* [Your task]:
The lines to transcribe run from the top of the material below to the line with "April 30, 1872", inclusive. Leave the pictures behind.
───── Exercise data ─────
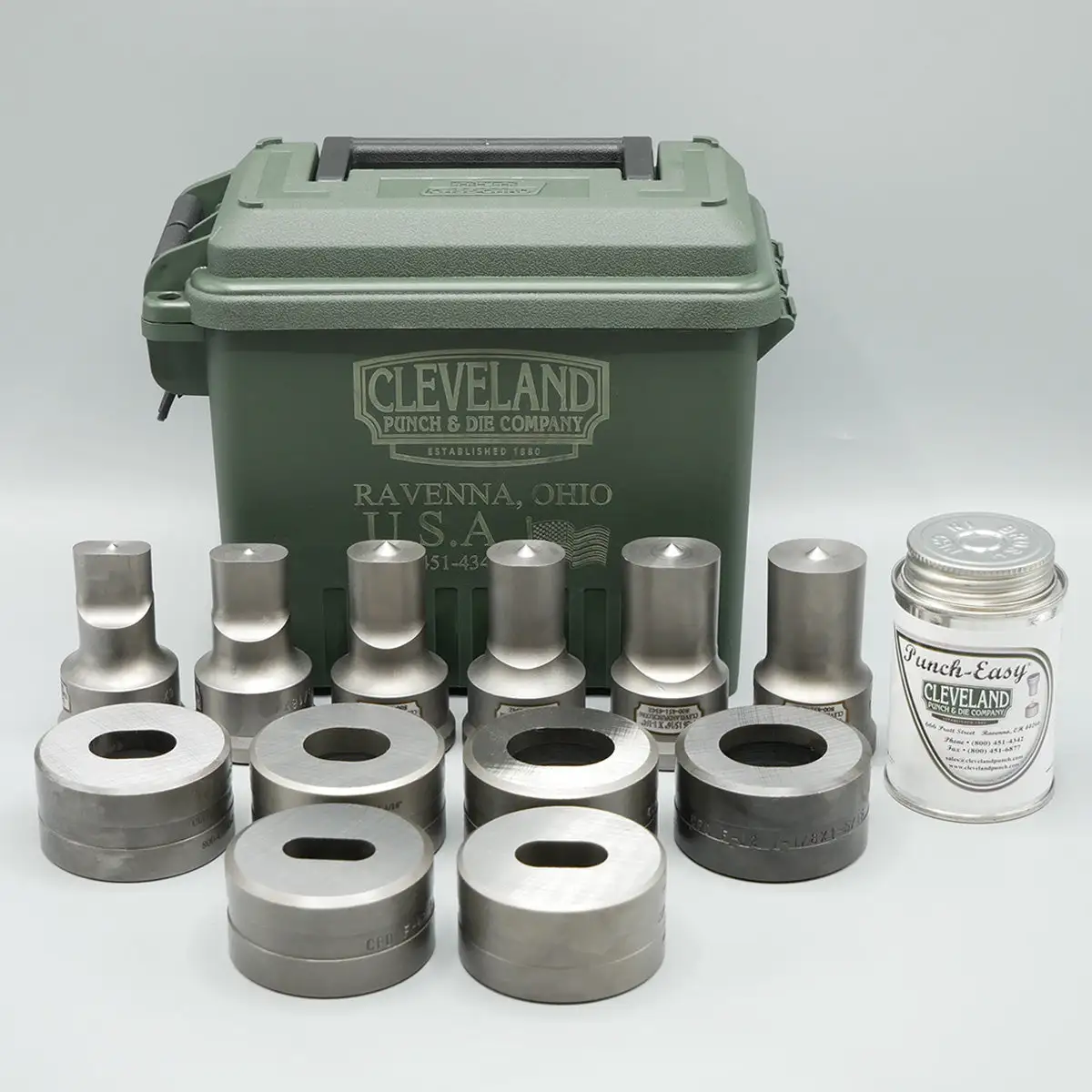 Punch & Die Sets are a great way to stock your punch and die inventory. This Set is in stock and includes 6 F26 Oblong Punches, 6 F62 Oblong Dies, Half Pint of Punch-Easy®, and Toolbox.
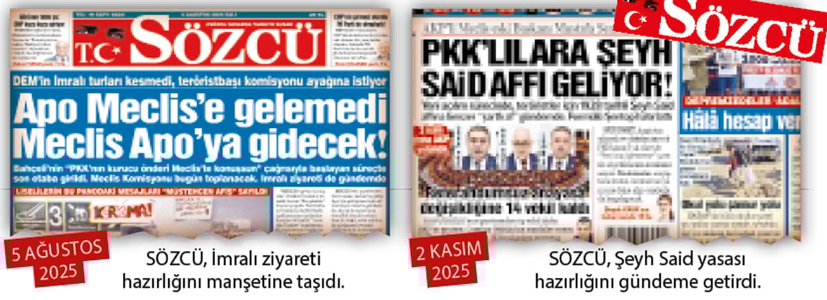 MHP Genel Başkanı Devlet Bahçeli’nin Meclis’te yaptığı açıklamalarla başlayan “Terörsüz Türkiye” sürecinde SÖZCÜ’nün gündeme getirdiği manşetler tek tek ortaya çıkıyor. SÖZCÜ, 5 Ağustos 2025 günü “Teröristbaşı komisyonu ayağına istiyor… Apo Meclis’e gelemedi, Meclis Apo’ya gidecek” manşetini attı. Öcalan Meclis’e gelemedi ancak İmralı ziyaretinin eli kulağında.
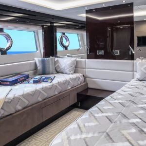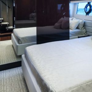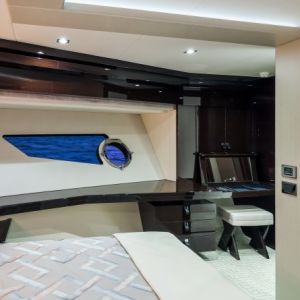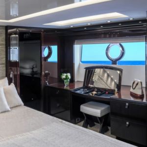 - Роскошная каюта владельца с кроватью кинг-сайз, ванной комнатой, гардеробной, туалетным столиком, кофейным уголком и бортовым балконом.
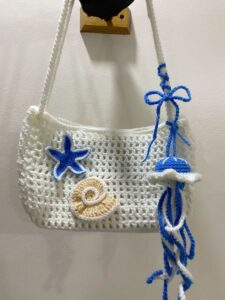Overall, the concept behind this crochet keychain is to blend ocean beauty, kawaii design, and handmade warmth into one compact and lovable item.
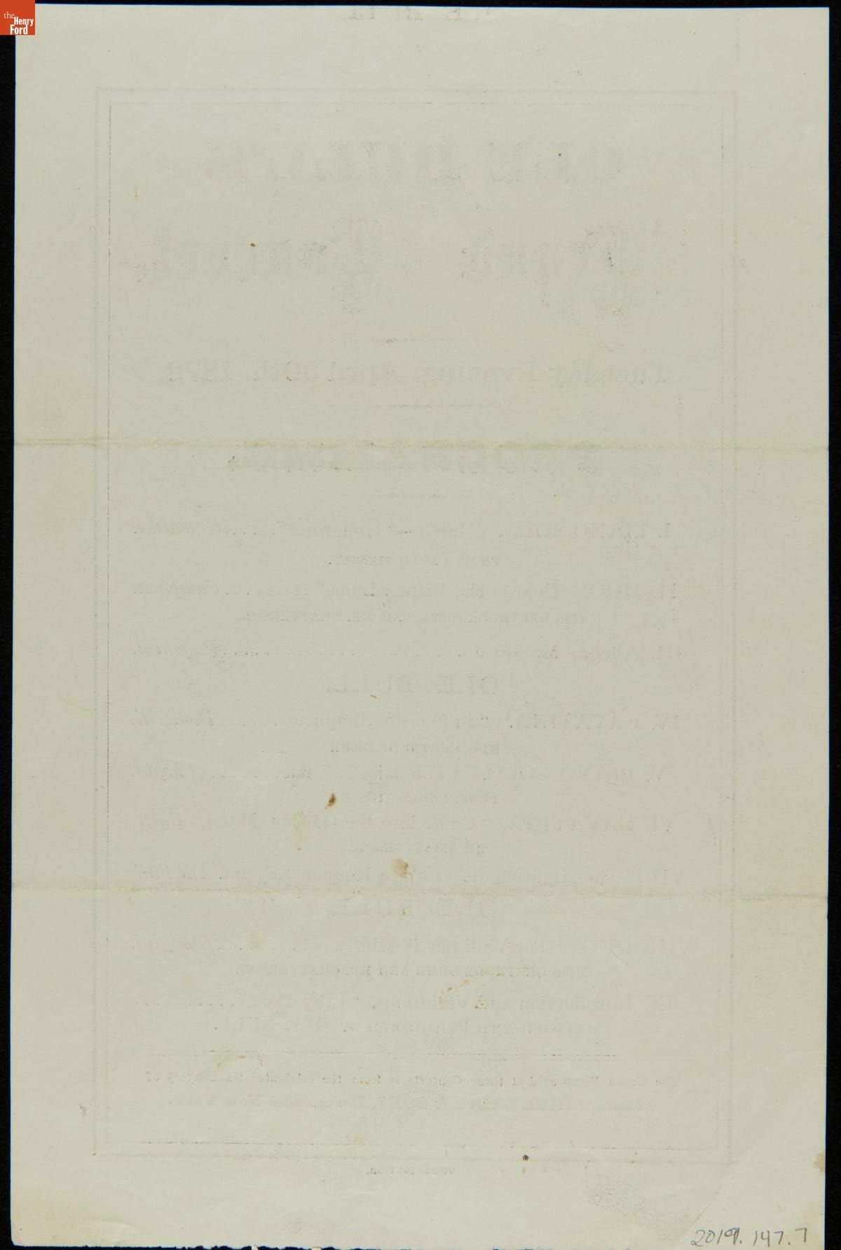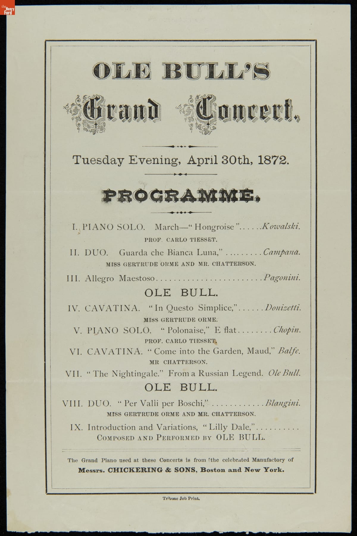 Program, "Ole Bull's Grand Concert," April 30, 1872
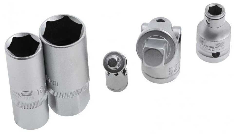 - Наличие удлинителей, кардана и свечных головок с магнитом позволяет работать в стесненных условиях (например, при замене свечей или демонтаже стартера).
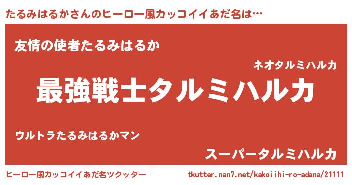 | 男性向けラノベタイトル風あだ名 | 『たるみはるか~年齢イコール彼女いない歴の魔法使い~』 |
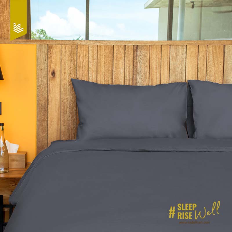 Indolinen Bed Set Sprei Berwarna Polos Premium 100% Cotton - Dark Grey
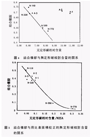 對含60份的N110、N330、N550、N772和A 1、A 2、A 3的膠料進行了測定用有機溶劑抽提后殘余在填料表面橡膠量的實驗。結合橡膠值(BR)提供了聚合物基質與炭黑網絡之間相互作用的信息。乍一看圖4,表面上無定形碳的含量似乎并沒有在這一現象中起到實質性的作用,因為不同的實驗炭黑其結合橡膠含量非常接近。而另一方面,如果通過其比表面積來校正無定形碳含量,就發(fā)現所有品種的相關性均要好于表明BR與比表面積本身之時(圖5)。因此,雖然它可能不是主要的相關因素,但由于比表面積代表暴露于聚合物基質的填料總表面積具有很強的影響,無定形碳對填料聚合物相互作用起著次要的作用。
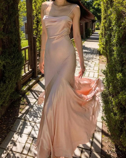 Robe de bal longue simple à bretelles spaghetti rose sirène avec fente C3164
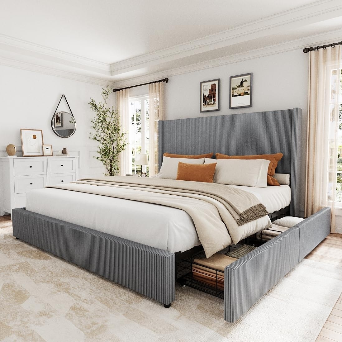 Queen Tufted Upholstered Bed, Storage Drawers, Grey
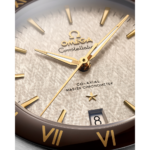 Ce modèle de 41 mm en acier inoxydable et or jaune 18K est doté d’une lunette en céramique brune polie avec des chiffres romains revêtus de Ceragold™ OMEGA. Il comporte un cadran gris rhodium rehaussé d’une finition estampillée d’un motif rappelant la soie et d’un guichet de date à 6 heures. Les aiguilles, le logo OMEGA, l’étoile Constellation et les index sont également façonnés en or jaune 18K.
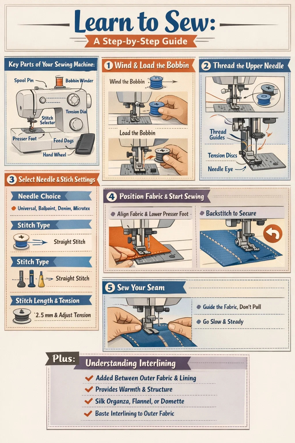 ミシンの使い方を段階的に学ぶことは、ほとんどの初心者が予想するよりも簡単です。主要なプロセスは、ミシンのセットアップ、ボビンの巻き取りと装着、上針に糸を通す、ステッチの選択、縫製の 5 つのアクションに集約されます。これらの基本を理解したら、基本的な裾から構造的な衣服まで、あらゆるものに取り組むことができます。 芯地 — 外側の生地と裏地の間に縫い付けられた隠れた層で、ボディ、形状、暖かさを追加します。このガイドでは、完全な初心者から自信のある縫製者になることができるように、すべてのステップを詳しく説明します。
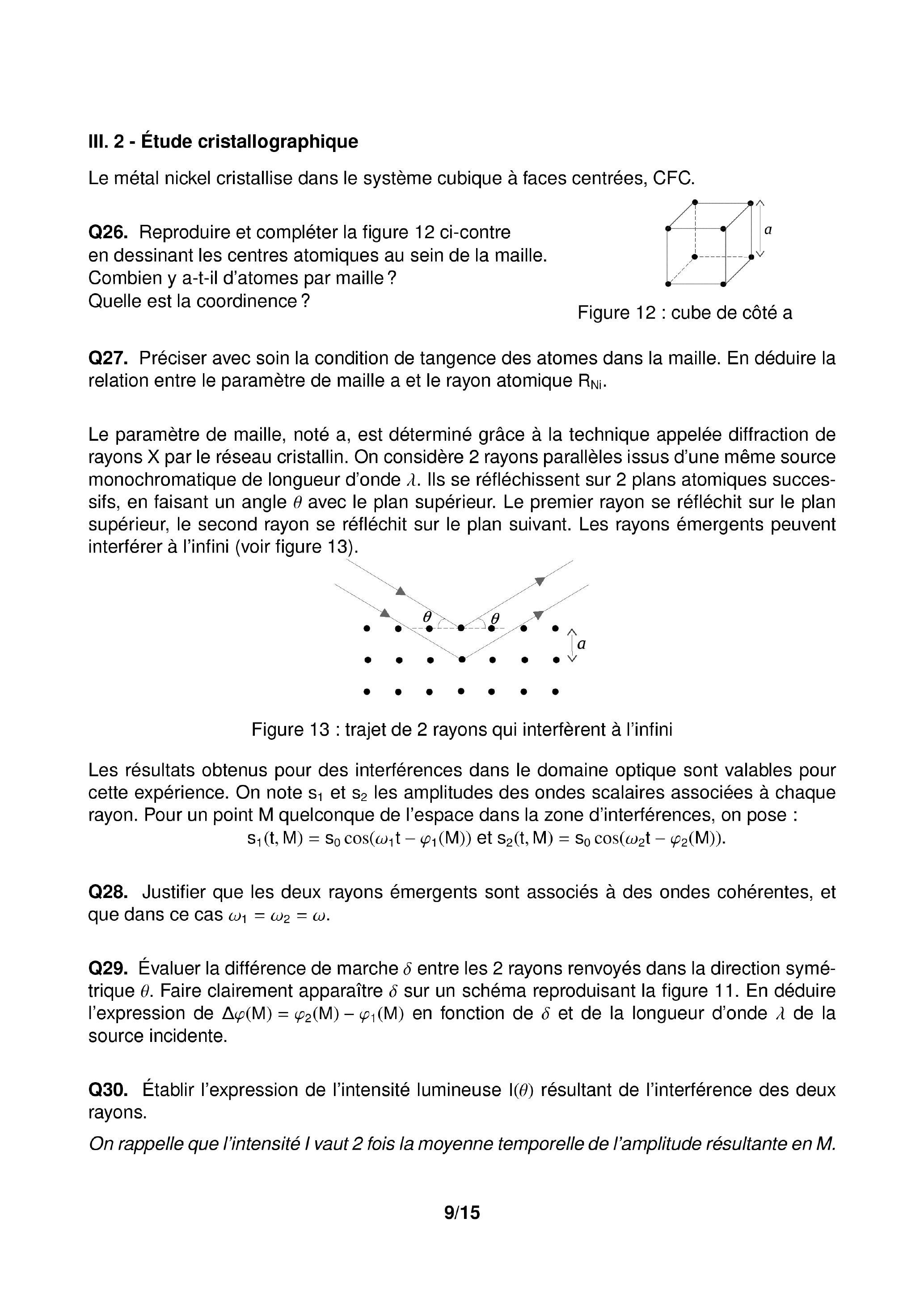 Q36. Déduire de ces mesures le rayon atomique et la compacité du nickel.
─────
* [Written answer]:
 Punch & Die Sets are a great way to stock your punch and die inventory. This Set is in stock and includes 6 F26 Oblong Punches, 6 F62 Oblong Dies, Half Pint of Punch-Easy®, and Toolbox.
 MHP Genel Başkanı Devlet Bahçeli’nin Meclis’te yaptığı açıklamalarla başlayan “Terörsüz Türkiye” sürecinde SÖZCÜ’nün gündeme getirdiği manşetler tek tek ortaya çıkıyor. SÖZCÜ, 5 Ağustos 2025 günü “Teröristbaşı komisyonu ayağına istiyor… Apo Meclis’e gelemedi, Meclis Apo’ya gidecek” manşetini attı. Öcalan Meclis’e gelemedi ancak İmralı ziyaretinin eli kulağında.
 - Роскошная каюта владельца с кроватью кинг-сайз, ванной комнатой, гардеробной, туалетным столиком, кофейным уголком и бортовым балконом.
Overall, the concept behind this crochet keychain is to blend ocean beauty, kawaii design, and handmade warmth into one compact and lovable item.
 Program, "Ole Bull's Grand Concert," April 30, 1872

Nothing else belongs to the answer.